What to work on: Using the data below, print exactly the line with "11月27日上午,学院一行在", the line with "3. 優(yōu)質(zhì", and every line between them, but none of the pictures.

Extracted material:
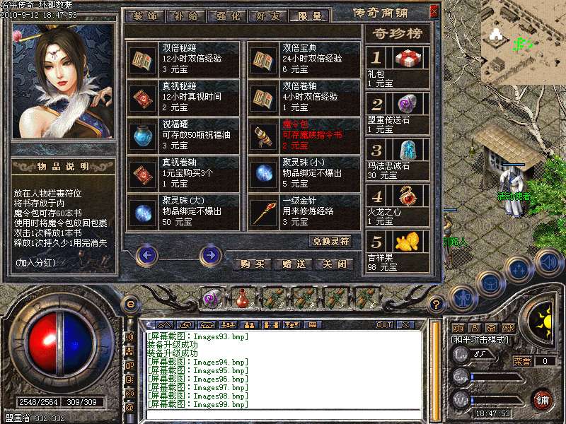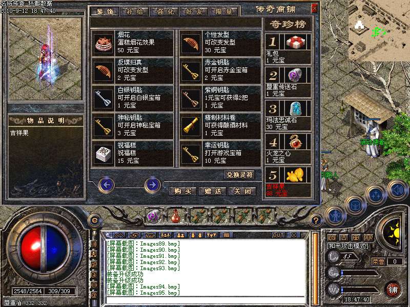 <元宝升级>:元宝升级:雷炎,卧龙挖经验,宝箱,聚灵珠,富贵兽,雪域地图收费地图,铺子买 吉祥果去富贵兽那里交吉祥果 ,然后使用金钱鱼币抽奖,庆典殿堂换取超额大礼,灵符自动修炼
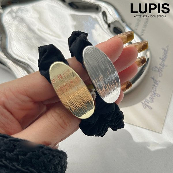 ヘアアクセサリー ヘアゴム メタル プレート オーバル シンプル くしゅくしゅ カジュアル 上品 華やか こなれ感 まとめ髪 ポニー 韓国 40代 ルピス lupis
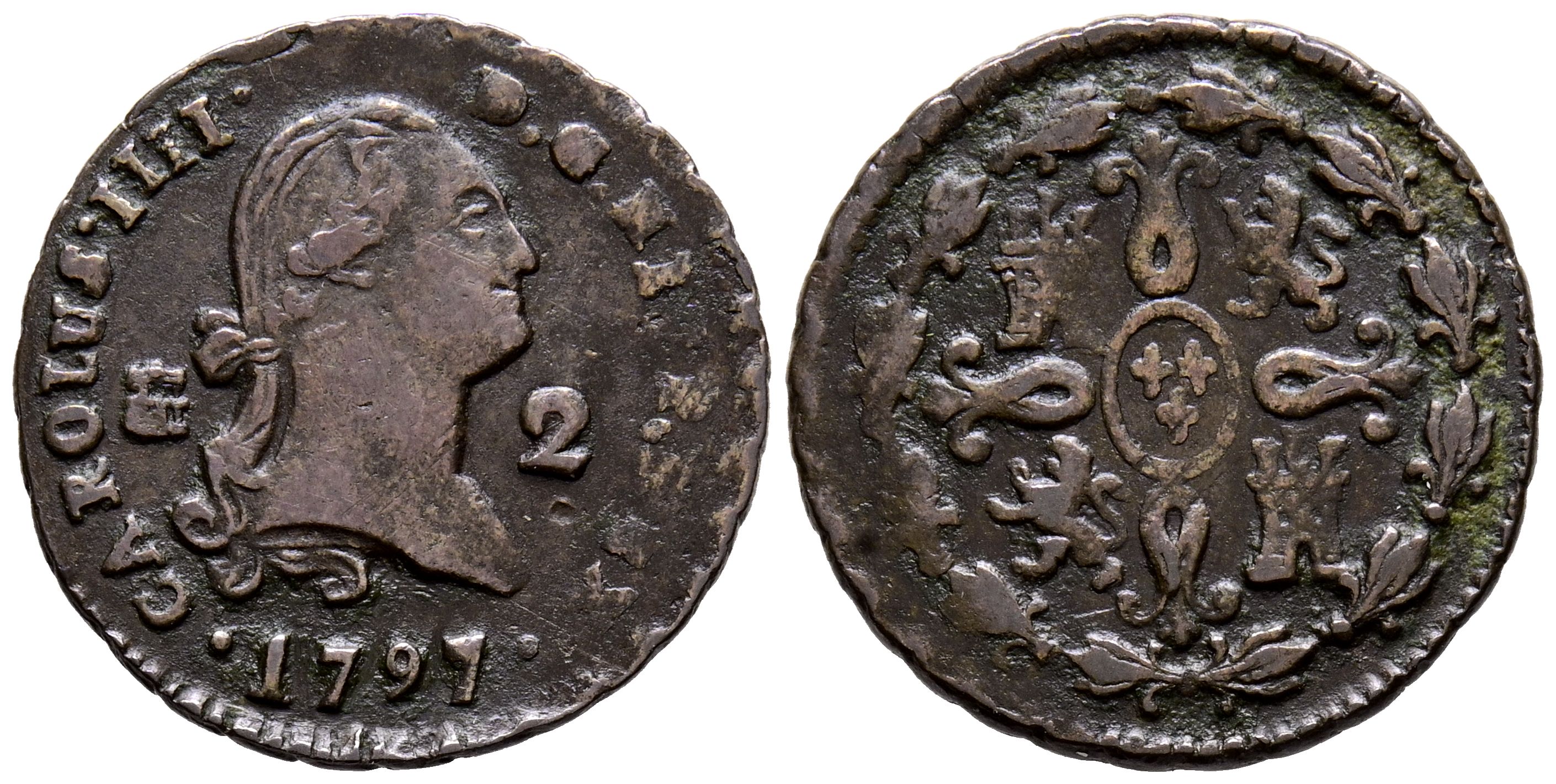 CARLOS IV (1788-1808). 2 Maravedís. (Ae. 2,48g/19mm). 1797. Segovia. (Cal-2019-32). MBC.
...
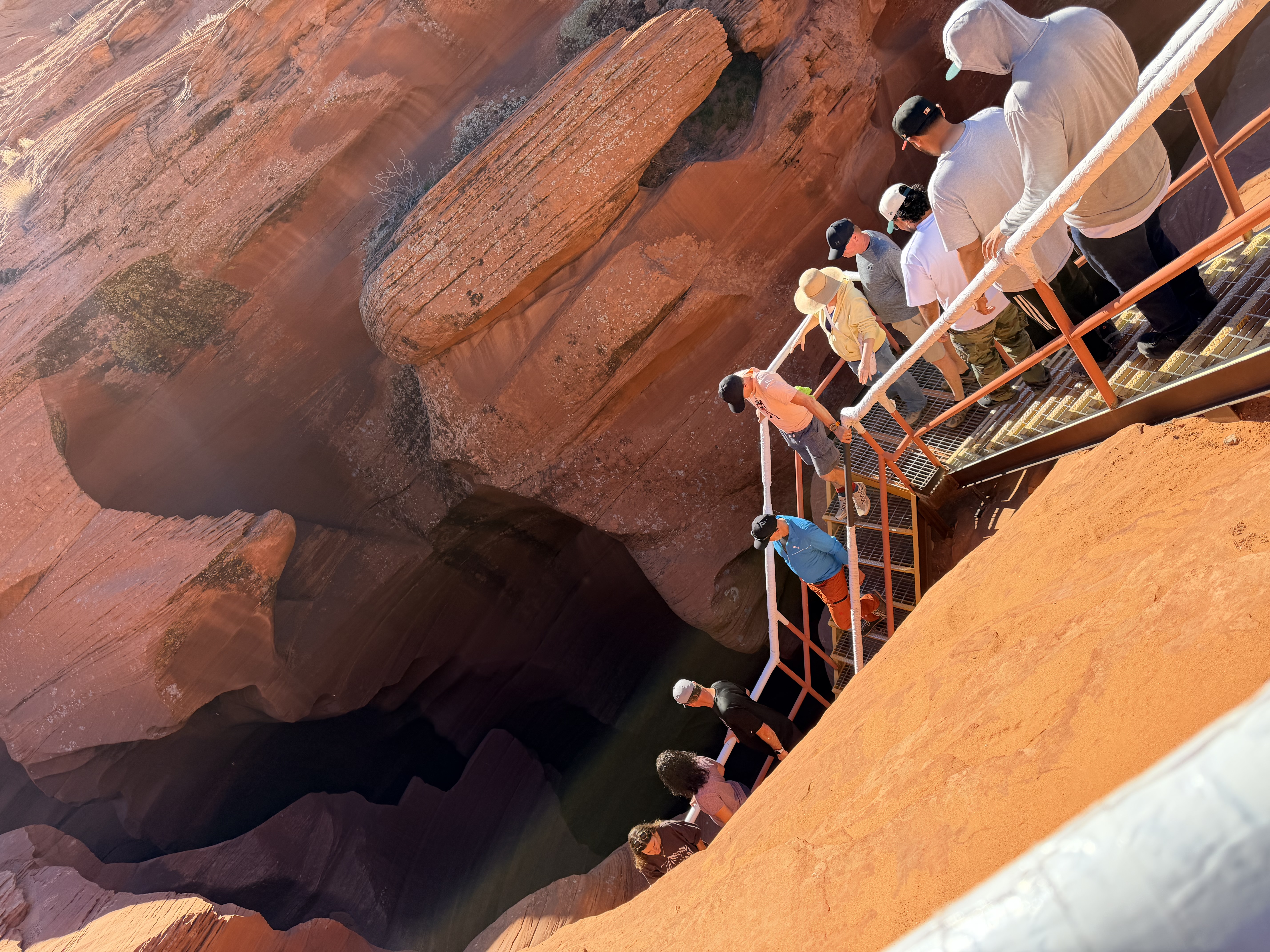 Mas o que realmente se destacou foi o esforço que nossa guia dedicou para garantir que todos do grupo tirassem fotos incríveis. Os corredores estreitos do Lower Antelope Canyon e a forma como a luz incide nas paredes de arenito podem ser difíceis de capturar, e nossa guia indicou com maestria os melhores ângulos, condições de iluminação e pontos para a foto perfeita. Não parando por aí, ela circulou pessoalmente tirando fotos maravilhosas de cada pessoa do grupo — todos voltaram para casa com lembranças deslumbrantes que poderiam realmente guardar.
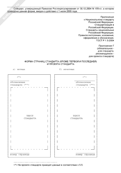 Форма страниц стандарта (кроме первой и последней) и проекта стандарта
* * *
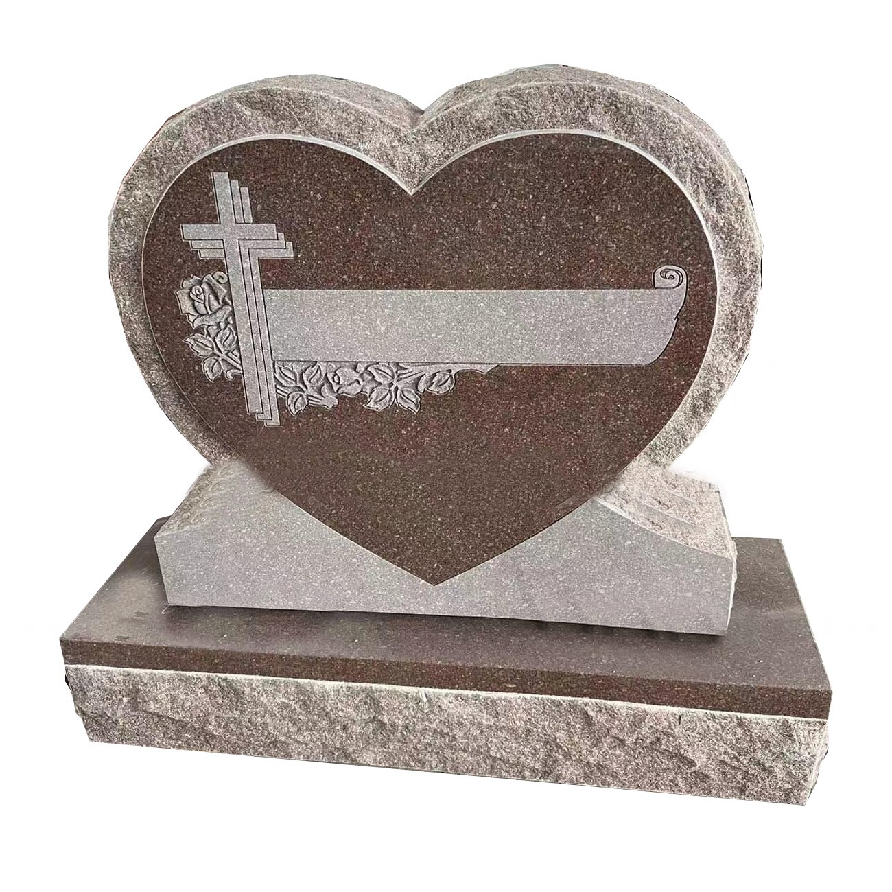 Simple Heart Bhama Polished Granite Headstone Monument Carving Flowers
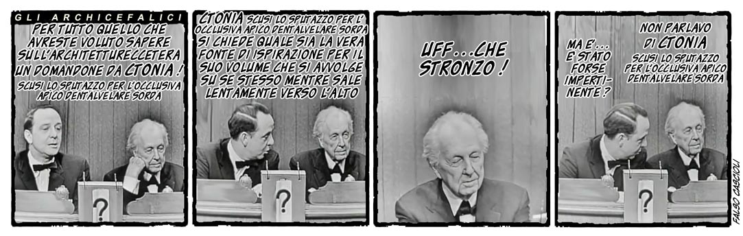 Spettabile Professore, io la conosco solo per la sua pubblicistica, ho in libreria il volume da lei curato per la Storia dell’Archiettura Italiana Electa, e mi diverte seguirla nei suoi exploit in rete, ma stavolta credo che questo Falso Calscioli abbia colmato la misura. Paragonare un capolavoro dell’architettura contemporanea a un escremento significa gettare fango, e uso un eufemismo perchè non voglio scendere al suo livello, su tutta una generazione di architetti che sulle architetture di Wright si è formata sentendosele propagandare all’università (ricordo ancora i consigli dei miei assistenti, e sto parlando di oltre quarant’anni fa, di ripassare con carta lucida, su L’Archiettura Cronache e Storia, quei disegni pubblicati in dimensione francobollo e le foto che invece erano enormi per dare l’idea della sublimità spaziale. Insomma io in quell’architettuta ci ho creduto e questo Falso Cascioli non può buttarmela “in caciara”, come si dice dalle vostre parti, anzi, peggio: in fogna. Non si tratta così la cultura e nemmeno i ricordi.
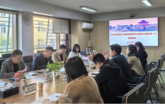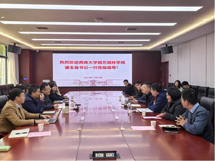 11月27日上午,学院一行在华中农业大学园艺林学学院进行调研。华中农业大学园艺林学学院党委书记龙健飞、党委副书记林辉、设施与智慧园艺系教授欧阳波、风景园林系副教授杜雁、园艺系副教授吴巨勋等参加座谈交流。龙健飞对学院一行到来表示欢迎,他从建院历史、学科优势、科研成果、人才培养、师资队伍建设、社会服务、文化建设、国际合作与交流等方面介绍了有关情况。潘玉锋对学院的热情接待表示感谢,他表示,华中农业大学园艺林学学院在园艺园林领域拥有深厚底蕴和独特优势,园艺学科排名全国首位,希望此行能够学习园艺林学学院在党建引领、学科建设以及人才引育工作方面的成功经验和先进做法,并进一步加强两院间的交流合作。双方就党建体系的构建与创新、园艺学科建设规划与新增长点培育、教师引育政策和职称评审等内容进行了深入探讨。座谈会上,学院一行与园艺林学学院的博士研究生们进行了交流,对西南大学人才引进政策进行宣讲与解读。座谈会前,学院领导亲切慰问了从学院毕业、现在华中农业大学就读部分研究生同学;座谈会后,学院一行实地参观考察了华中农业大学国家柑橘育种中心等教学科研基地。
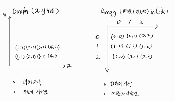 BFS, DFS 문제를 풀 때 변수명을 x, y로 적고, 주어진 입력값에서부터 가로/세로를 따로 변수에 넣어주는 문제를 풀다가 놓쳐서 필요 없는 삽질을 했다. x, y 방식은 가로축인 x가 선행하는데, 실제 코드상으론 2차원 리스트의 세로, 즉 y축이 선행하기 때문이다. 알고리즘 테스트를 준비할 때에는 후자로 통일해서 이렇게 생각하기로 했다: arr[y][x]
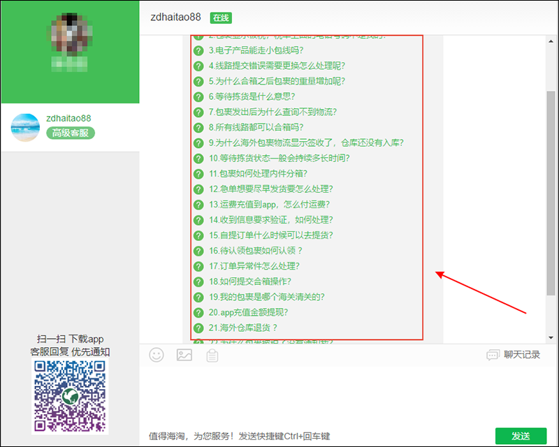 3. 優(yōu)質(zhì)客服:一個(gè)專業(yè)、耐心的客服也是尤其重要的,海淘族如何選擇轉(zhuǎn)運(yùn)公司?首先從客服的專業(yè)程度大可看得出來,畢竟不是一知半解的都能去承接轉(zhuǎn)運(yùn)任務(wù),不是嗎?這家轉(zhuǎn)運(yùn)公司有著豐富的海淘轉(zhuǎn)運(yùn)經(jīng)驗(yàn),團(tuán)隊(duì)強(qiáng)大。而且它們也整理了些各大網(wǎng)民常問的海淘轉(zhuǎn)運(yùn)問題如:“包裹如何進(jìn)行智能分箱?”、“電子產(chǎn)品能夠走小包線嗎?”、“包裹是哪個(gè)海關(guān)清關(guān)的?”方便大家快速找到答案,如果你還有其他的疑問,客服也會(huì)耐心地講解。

Result:
 11月27日上午,学院一行在华中农业大学园艺林学学院进行调研。华中农业大学园艺林学学院党委书记龙健飞、党委副书记林辉、设施与智慧园艺系教授欧阳波、风景园林系副教授杜雁、园艺系副教授吴巨勋等参加座谈交流。龙健飞对学院一行到来表示欢迎,他从建院历史、学科优势、科研成果、人才培养、师资队伍建设、社会服务、文化建设、国际合作与交流等方面介绍了有关情况。潘玉锋对学院的热情接待表示感谢,他表示,华中农业大学园艺林学学院在园艺园林领域拥有深厚底蕴和独特优势,园艺学科排名全国首位,希望此行能够学习园艺林学学院在党建引领、学科建设以及人才引育工作方面的成功经验和先进做法,并进一步加强两院间的交流合作。双方就党建体系的构建与创新、园艺学科建设规划与新增长点培育、教师引育政策和职称评审等内容进行了深入探讨。座谈会上,学院一行与园艺林学学院的博士研究生们进行了交流,对西南大学人才引进政策进行宣讲与解读。座谈会前,学院领导亲切慰问了从学院毕业、现在华中农业大学就读部分研究生同学;座谈会后,学院一行实地参观考察了华中农业大学国家柑橘育种中心等教学科研基地。
 BFS, DFS 문제를 풀 때 변수명을 x, y로 적고, 주어진 입력값에서부터 가로/세로를 따로 변수에 넣어주는 문제를 풀다가 놓쳐서 필요 없는 삽질을 했다. x, y 방식은 가로축인 x가 선행하는데, 실제 코드상으론 2차원 리스트의 세로, 즉 y축이 선행하기 때문이다. 알고리즘 테스트를 준비할 때에는 후자로 통일해서 이렇게 생각하기로 했다: arr[y][x]
 3. 優(yōu)質(zhì)客服:一個(gè)專業(yè)、耐心的客服也是尤其重要的,海淘族如何選擇轉(zhuǎn)運(yùn)公司?首先從客服的專業(yè)程度大可看得出來,畢竟不是一知半解的都能去承接轉(zhuǎn)運(yùn)任務(wù),不是嗎?這家轉(zhuǎn)運(yùn)公司有著豐富的海淘轉(zhuǎn)運(yùn)經(jīng)驗(yàn),團(tuán)隊(duì)強(qiáng)大。而且它們也整理了些各大網(wǎng)民常問的海淘轉(zhuǎn)運(yùn)問題如:“包裹如何進(jìn)行智能分箱?”、“電子產(chǎn)品能夠走小包線嗎?”、“包裹是哪個(gè)海關(guān)清關(guān)的?”方便大家快速找到答案,如果你還有其他的疑問,客服也會(huì)耐心地講解。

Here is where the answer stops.